Big bucks can’t keep execs back
In her resignation letter, IT professional, Shaheen Ansari (name changed on request) wrote that she quit because her abusive boss interfered with her work, reports Soubhik Mitra.Updated: Mar 12, 2008 01:42 IST
In her resignation letter, IT professional, Shaheen Ansari (name changed on request) wrote that she quit because her abusive boss interfered with her work.
An online survey by referral recruitment portal www.yellojobs.com says 42.18 per cent Indian employees quit their jobs because of bad bosses. “The company gave me 40 per cent increments for five consecutive years. Still I quit to get rid of her,” said Ansari.
The survey polled around 9,000 white-collar professionals working in various spheres from banking to IT. Office politics forced 16 per cent respondents to quit.

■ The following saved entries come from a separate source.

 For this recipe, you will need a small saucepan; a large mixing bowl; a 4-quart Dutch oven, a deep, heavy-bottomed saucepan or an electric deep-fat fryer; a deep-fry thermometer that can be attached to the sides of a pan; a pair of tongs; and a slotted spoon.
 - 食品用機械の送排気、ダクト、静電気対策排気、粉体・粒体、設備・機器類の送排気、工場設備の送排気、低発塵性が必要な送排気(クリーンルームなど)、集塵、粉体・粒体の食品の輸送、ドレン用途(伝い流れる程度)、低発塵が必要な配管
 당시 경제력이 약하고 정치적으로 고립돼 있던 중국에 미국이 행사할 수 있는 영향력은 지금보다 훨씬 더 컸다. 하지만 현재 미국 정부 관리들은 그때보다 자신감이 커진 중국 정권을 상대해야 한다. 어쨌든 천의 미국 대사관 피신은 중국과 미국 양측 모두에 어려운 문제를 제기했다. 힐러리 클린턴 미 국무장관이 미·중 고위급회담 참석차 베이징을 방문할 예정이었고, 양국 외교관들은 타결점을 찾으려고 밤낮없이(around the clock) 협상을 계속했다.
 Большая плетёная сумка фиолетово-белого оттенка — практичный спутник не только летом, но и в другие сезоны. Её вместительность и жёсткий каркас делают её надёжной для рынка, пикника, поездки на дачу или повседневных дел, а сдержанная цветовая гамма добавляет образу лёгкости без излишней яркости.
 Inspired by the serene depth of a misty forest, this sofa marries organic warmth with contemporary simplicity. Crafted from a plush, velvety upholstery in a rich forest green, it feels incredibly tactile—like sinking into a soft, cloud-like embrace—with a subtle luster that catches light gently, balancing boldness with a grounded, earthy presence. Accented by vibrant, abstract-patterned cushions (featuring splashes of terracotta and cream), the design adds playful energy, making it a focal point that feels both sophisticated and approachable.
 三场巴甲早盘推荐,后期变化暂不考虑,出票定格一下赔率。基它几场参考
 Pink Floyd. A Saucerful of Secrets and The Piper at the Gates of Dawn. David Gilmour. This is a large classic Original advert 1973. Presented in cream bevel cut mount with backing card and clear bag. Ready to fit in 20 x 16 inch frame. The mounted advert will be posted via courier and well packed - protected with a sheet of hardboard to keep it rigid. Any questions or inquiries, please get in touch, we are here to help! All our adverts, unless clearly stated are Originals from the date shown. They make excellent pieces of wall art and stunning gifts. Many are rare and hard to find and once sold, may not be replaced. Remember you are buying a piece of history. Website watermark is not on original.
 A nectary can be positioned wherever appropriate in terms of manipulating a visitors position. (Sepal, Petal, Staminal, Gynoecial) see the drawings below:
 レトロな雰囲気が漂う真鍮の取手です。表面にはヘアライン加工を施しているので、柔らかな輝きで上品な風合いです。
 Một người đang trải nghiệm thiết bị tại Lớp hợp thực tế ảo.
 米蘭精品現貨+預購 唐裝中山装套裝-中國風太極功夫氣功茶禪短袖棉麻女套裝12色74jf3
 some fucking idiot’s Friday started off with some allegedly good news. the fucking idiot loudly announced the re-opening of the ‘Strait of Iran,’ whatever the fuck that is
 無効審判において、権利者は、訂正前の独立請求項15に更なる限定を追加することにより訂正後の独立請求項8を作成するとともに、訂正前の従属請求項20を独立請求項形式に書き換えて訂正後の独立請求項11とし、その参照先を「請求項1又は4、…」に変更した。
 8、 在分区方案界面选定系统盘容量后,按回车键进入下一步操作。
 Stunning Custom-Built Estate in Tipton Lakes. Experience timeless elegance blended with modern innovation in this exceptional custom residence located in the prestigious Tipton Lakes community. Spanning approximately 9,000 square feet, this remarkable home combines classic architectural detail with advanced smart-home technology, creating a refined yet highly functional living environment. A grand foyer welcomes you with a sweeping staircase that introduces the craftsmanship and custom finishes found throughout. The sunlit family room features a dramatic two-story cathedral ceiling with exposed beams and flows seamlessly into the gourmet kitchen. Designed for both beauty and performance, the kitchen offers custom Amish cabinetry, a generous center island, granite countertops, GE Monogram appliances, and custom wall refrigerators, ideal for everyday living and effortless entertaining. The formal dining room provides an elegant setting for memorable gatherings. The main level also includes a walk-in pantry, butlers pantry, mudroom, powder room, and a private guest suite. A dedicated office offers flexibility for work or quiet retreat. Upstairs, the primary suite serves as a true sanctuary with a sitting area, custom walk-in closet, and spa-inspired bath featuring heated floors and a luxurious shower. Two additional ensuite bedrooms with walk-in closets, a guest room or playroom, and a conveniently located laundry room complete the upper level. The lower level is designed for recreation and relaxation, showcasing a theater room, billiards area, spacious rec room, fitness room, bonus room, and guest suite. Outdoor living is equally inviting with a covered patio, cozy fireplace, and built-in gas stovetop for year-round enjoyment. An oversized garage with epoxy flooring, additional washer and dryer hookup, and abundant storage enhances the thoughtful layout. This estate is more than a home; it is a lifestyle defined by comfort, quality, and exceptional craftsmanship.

Vikramjit Singh Sahaye of yellojobs.com says, “Employee retention is gaining focus. Retaining talent makes commercial sense and helps improve project efficiency.”
Pandia Ranjan, MD of Ma Foi Management Consultants, one of the biggest human resource service providers in India, concurs: “We expect a slump in attrition. In the BPO sector, which recorded 35 per cent attrition – the highest across all sectors — it will reduce to 25 per cent. The overall attrition rate would hover between 10-12 per cent.”
The study says 35 per cent respondents switched to a new workplace, as the earlier job did not offer them growth opportunities and remuneration while 6 per cent did not like their work profile. Also, 10 per cent of respondents had switched jobs more than four times.